Monday, January 23, 2012


While I'm in school, I live in a B&B in Anchorage.  It's a gigantic three-story house with a front yard that has been cemented over to create parking spaces, and it's in a very nice residential neighborhood within 3 miles of the college and hospital where I go for clinical rotations.

My room and its private bath are on the bottom floor.  Also on the bottom floor is a large living room and full kitchen that I share with the occupant of the only other bedroom on this floor.  His name is Mark.  He moved to Alaska this past October, having spent the first 27 years of his life living in more temperate climes.  Mark is smart, tall, handsome and pleasant when our paths cross, which isn't often.  I wouldn't even know he lived down here save for the fact that he leaves dirty dishes and crumbs in the kitchen and uses my dishwashing soap and towels. Mark has been here all day (I know this because his car is parked in the driveway), as have I, and I haven't laid eyes on him.  As far as I know he hasn't cooked anything (there is no new mess in the kitchen).

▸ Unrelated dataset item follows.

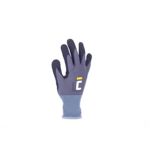 • védőkesztyű, nylon/lycra dzsörzé, mikroporózus nitril mártással • nitril pöttyöözés a tenyéren és ujjakon • kiváló folyadékállóság • jó tapadás száraz, vizes és olajos környezetben is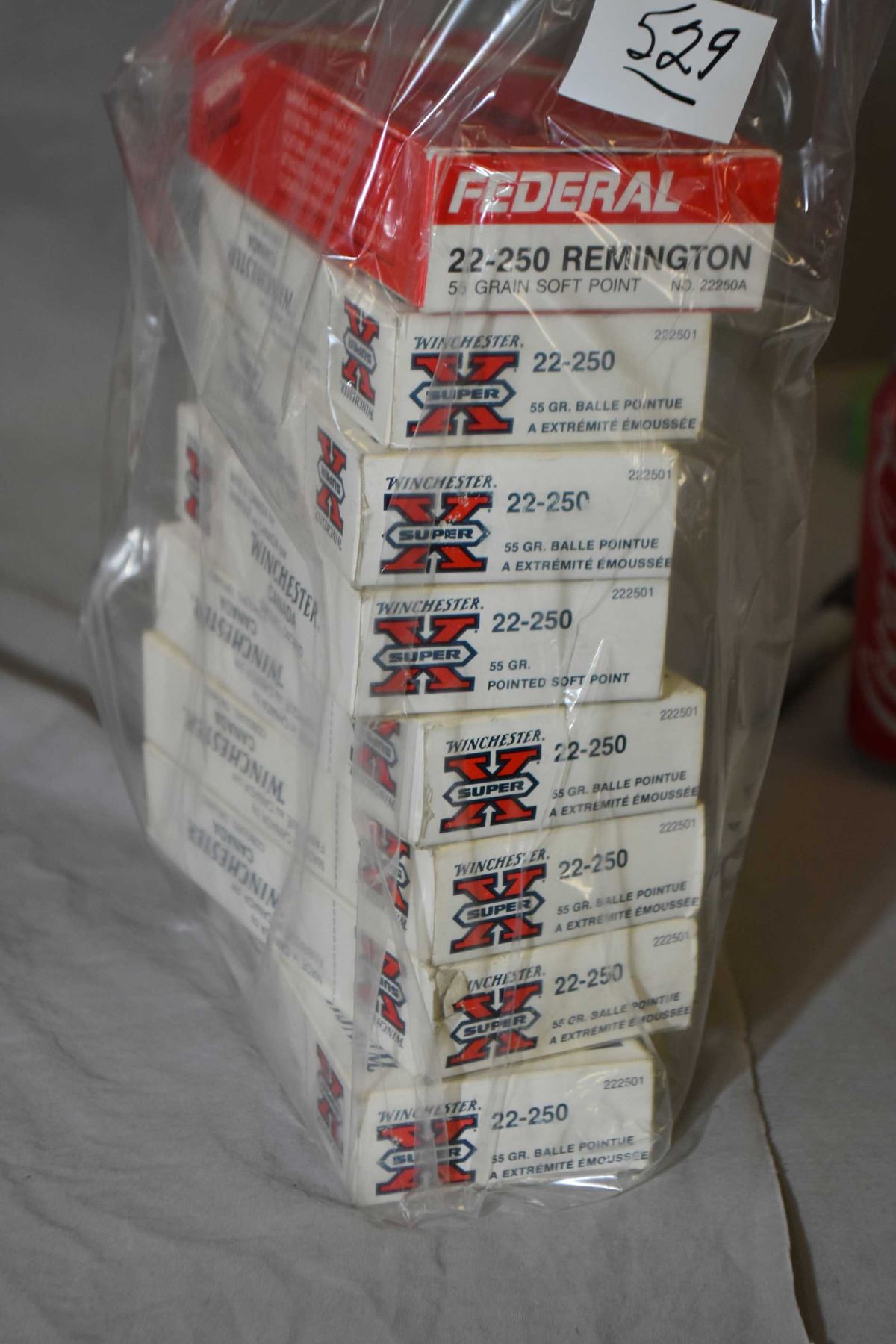 Bag Lot : Eight Boxes ( 20 rnds per ) .22 - 250 Rem Cal Ammo

An orthopedic surgeon and his wife live on the second floor during the winter.  They're very pleasant people.  He replaces hips and knees at a nearby hospital and has climbed Everest  She manages the house while the owners spend their winters in exotic places like Africa, France, and Israel.  She is detail oriented and very interested in the lives and habits of the other occupants of the house.  Yesterday she informed me that Mark has not washed his sheets or clothes since he arrived in October, and that his room is full of dirty clothes, trash bags full of trash, and computer gaming equipment.  She says that she believes they'll have to burn his sheets when he moves out (apparently he is using "house sheets" - I brought mine from home because I'm sorely addicted to high thread counts).  I was unaware that she patrolled our rooms while we're gone and wonder what she thinks when she peeks into my room, which is full of books, binders, bags of food items that I'm unwilling to share with Mark, and Angry Bird stuffed animals that my husband has begun buying for me.  I think I'll leave a big pile of plastic dog poop on the floor just inside the door of my room the next time I go home to Kenai.

There are several other transient winter residents living here off and on, and the granddaughter of the owner makes regular appearances with her two small children.  She does her laundry here and uses the internet while she ignores her children who want to follow tenants into their rooms.

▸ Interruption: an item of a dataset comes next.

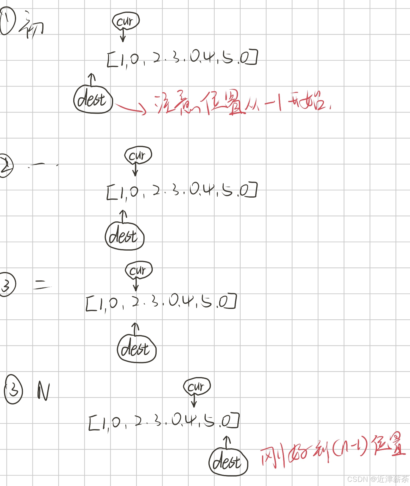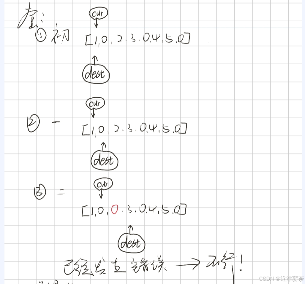 首先,在数组长度固定的情况下,dest的写入是一定不会超过cur的,因为我们在遍历之前已经确定好了起始位置,即从最后一个被复写的元素开始向前遍历。cur和dest的运动逻辑是已经被确定好了的,命中注定了的~

We're an odd group.  At least two of us are night owls; I can hear someone wandering around above me until at least 2 am before I fall asleep.  We are mountain climbers, busybodies, computer gamers, bicycle riders, students, surgeons and hoarders.  We are US, Canadian and UK citizens, junk food junkies, gourmet cooks, bridge players, movie buffs, single mothers, married couples, neat freaks and slobs.  Somehow we blend in slightly off-key harmony.